- DATA -
· · ·

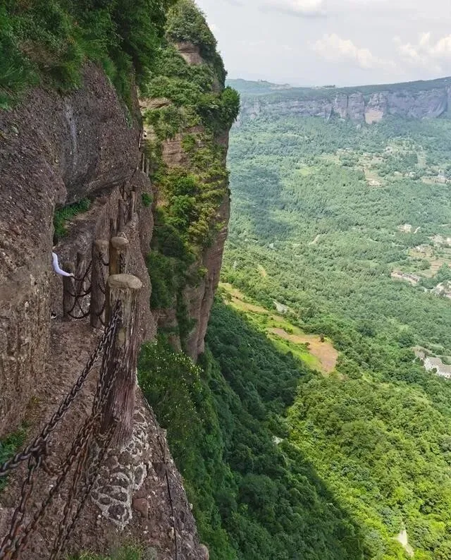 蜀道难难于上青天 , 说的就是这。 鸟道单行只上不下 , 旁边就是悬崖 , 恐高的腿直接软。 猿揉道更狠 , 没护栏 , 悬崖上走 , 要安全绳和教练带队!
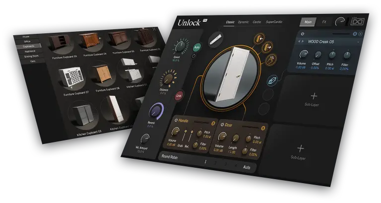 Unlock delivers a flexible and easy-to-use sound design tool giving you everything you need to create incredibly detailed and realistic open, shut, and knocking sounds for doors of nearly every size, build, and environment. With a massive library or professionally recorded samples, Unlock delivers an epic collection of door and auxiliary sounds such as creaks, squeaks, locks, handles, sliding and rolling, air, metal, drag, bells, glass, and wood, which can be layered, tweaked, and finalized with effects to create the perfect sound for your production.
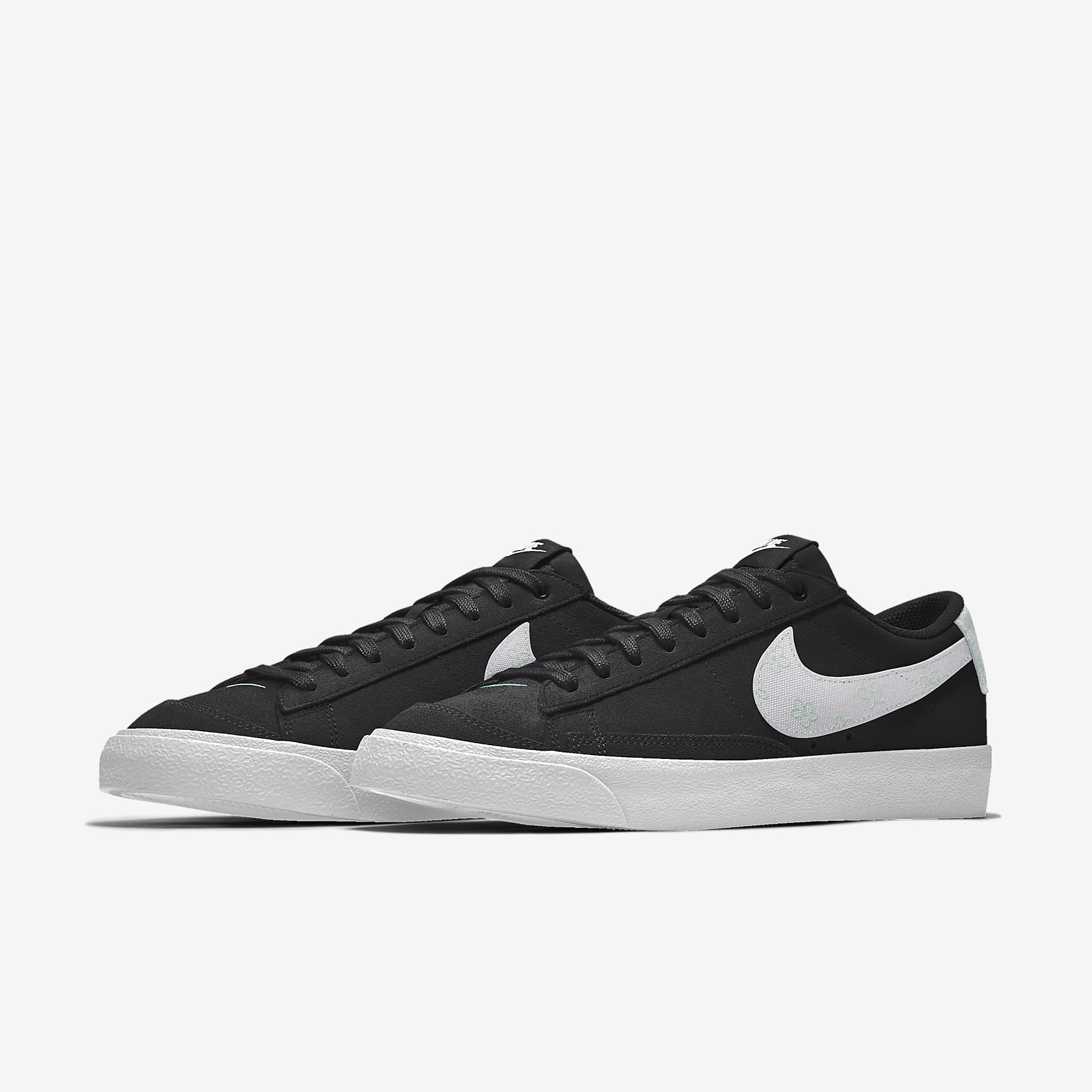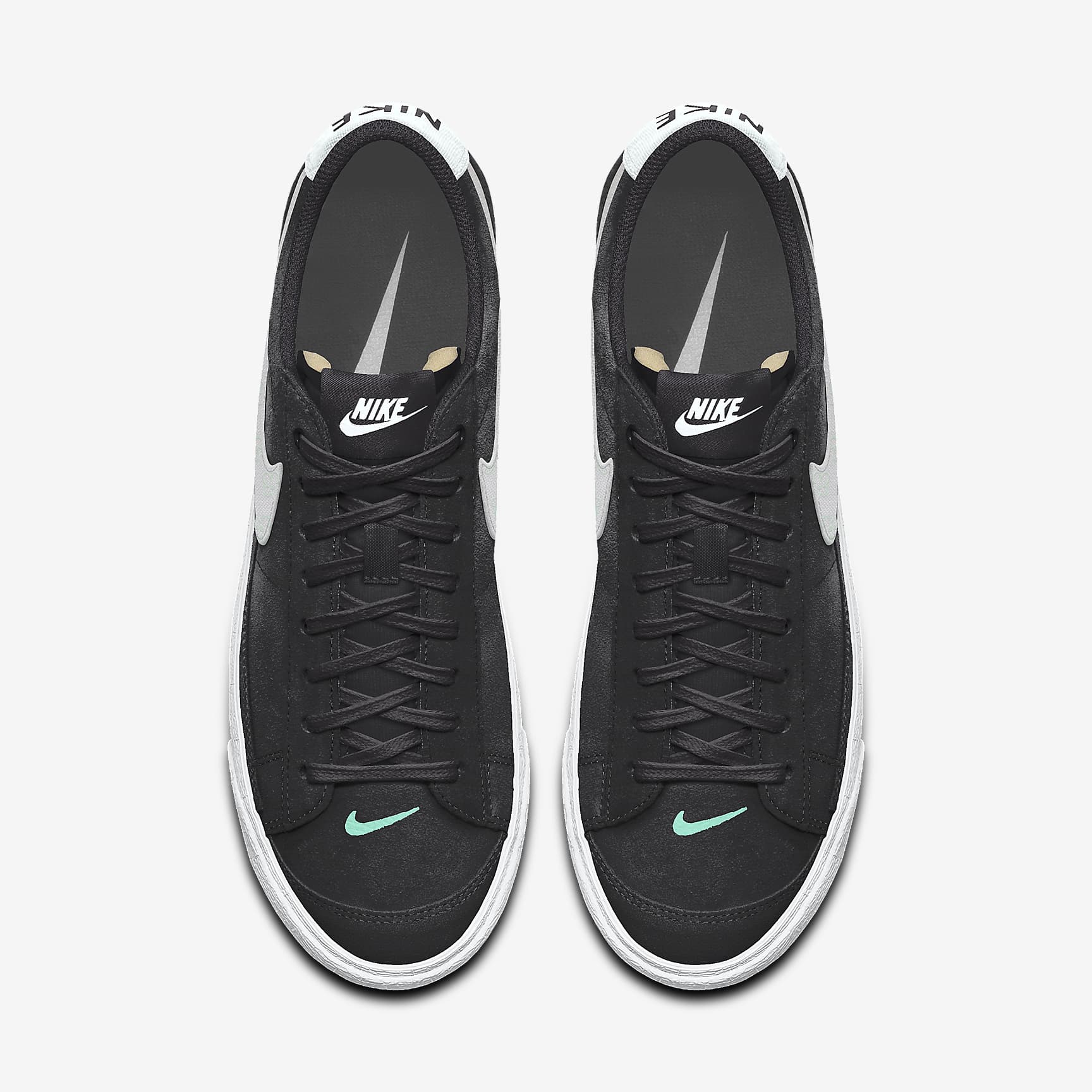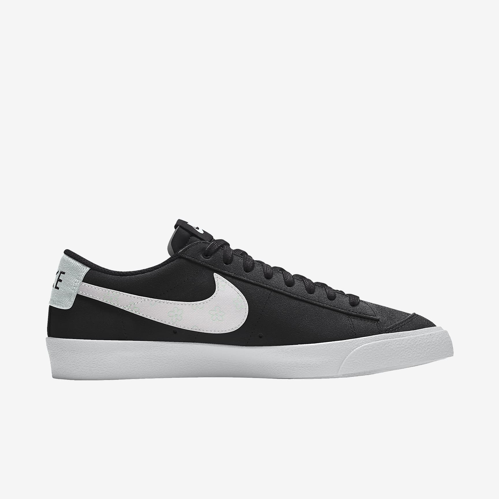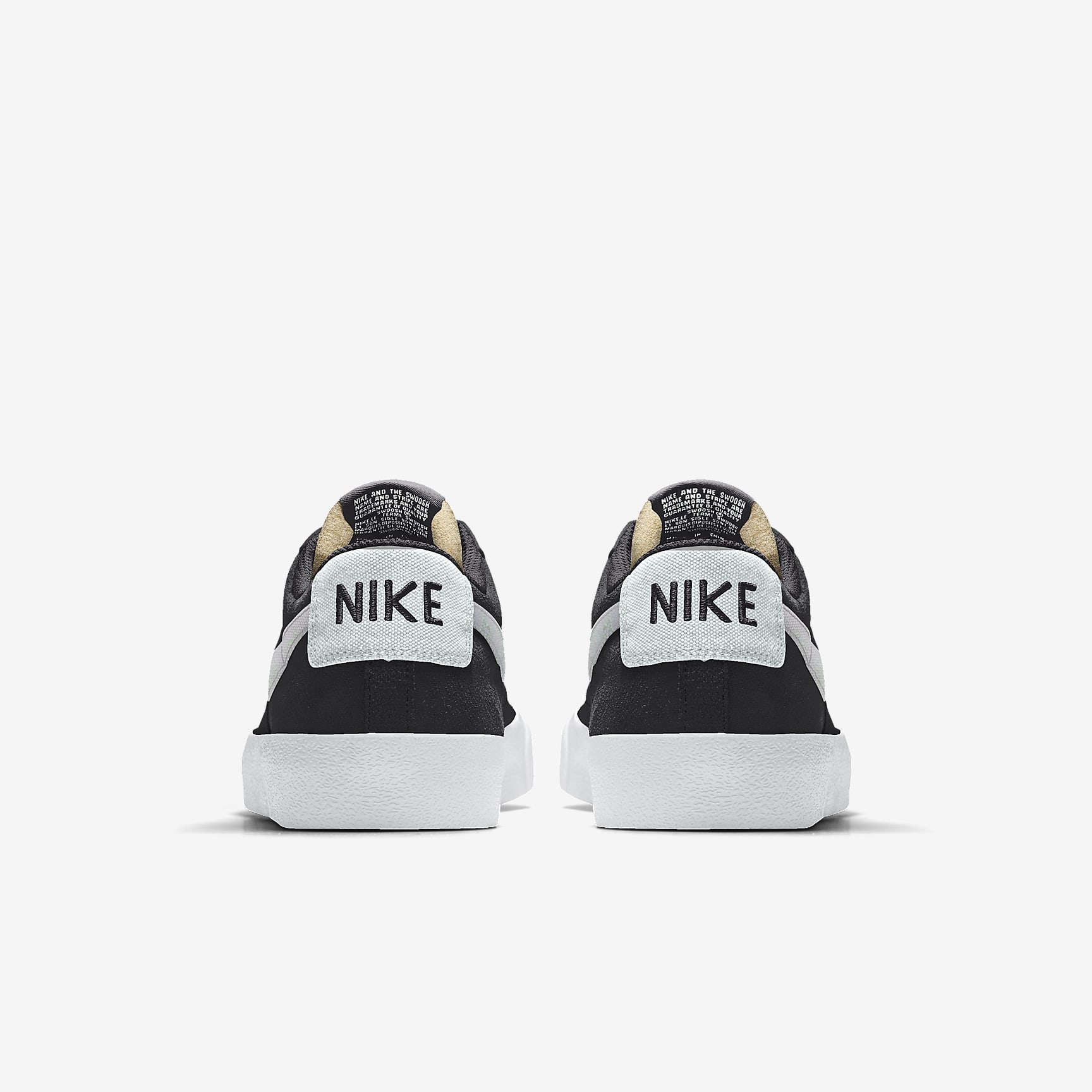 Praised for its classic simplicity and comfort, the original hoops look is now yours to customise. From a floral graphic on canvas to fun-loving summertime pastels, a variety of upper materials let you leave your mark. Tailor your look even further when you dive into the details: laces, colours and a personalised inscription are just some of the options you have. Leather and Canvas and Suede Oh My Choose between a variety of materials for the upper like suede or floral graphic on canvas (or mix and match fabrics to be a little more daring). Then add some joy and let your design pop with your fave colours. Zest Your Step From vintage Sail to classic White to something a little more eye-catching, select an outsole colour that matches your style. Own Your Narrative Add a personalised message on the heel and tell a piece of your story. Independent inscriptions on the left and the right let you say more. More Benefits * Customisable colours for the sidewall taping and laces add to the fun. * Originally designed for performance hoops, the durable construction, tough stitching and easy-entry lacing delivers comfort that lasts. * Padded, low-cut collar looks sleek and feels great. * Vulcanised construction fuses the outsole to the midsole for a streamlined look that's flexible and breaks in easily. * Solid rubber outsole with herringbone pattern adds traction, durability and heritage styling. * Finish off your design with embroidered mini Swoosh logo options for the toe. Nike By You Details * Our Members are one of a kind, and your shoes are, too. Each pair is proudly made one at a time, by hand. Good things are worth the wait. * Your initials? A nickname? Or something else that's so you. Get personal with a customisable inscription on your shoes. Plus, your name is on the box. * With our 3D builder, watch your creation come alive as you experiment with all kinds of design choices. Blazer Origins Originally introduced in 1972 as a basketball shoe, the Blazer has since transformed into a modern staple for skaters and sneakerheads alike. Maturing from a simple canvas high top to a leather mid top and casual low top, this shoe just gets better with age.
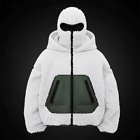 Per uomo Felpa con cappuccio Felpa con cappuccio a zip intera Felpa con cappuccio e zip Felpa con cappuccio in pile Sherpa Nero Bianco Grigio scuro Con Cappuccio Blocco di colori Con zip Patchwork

· · ·

- TRY IT -
The output is the data above, repeated exactly, with pictures omitted.

- OUTPUT -
 蜀道难难于上青天 , 说的就是这。 鸟道单行只上不下 , 旁边就是悬崖 , 恐高的腿直接软。 猿揉道更狠 , 没护栏 , 悬崖上走 , 要安全绳和教练带队!
 Unlock delivers a flexible and easy-to-use sound design tool giving you everything you need to create incredibly detailed and realistic open, shut, and knocking sounds for doors of nearly every size, build, and environment. With a massive library or professionally recorded samples, Unlock delivers an epic collection of door and auxiliary sounds such as creaks, squeaks, locks, handles, sliding and rolling, air, metal, drag, bells, glass, and wood, which can be layered, tweaked, and finalized with effects to create the perfect sound for your production.
 Praised for its classic simplicity and comfort, the original hoops look is now yours to customise. From a floral graphic on canvas to fun-loving summertime pastels, a variety of upper materials let you leave your mark. Tailor your look even further when you dive into the details: laces, colours and a personalised inscription are just some of the options you have. Leather and Canvas and Suede Oh My Choose between a variety of materials for the upper like suede or floral graphic on canvas (or mix and match fabrics to be a little more daring). Then add some joy and let your design pop with your fave colours. Zest Your Step From vintage Sail to classic White to something a little more eye-catching, select an outsole colour that matches your style. Own Your Narrative Add a personalised message on the heel and tell a piece of your story. Independent inscriptions on the left and the right let you say more. More Benefits * Customisable colours for the sidewall taping and laces add to the fun. * Originally designed for performance hoops, the durable construction, tough stitching and easy-entry lacing delivers comfort that lasts. * Padded, low-cut collar looks sleek and feels great. * Vulcanised construction fuses the outsole to the midsole for a streamlined look that's flexible and breaks in easily. * Solid rubber outsole with herringbone pattern adds traction, durability and heritage styling. * Finish off your design with embroidered mini Swoosh logo options for the toe. Nike By You Details * Our Members are one of a kind, and your shoes are, too. Each pair is proudly made one at a time, by hand. Good things are worth the wait. * Your initials? A nickname? Or something else that's so you. Get personal with a customisable inscription on your shoes. Plus, your name is on the box. * With our 3D builder, watch your creation come alive as you experiment with all kinds of design choices. Blazer Origins Originally introduced in 1972 as a basketball shoe, the Blazer has since transformed into a modern staple for skaters and sneakerheads alike. Maturing from a simple canvas high top to a leather mid top and casual low top, this shoe just gets better with age.
 Per uomo Felpa con cappuccio Felpa con cappuccio a zip intera Felpa con cappuccio e zip Felpa con cappuccio in pile Sherpa Nero Bianco Grigio scuro Con Cappuccio Blocco di colori Con zip Patchwork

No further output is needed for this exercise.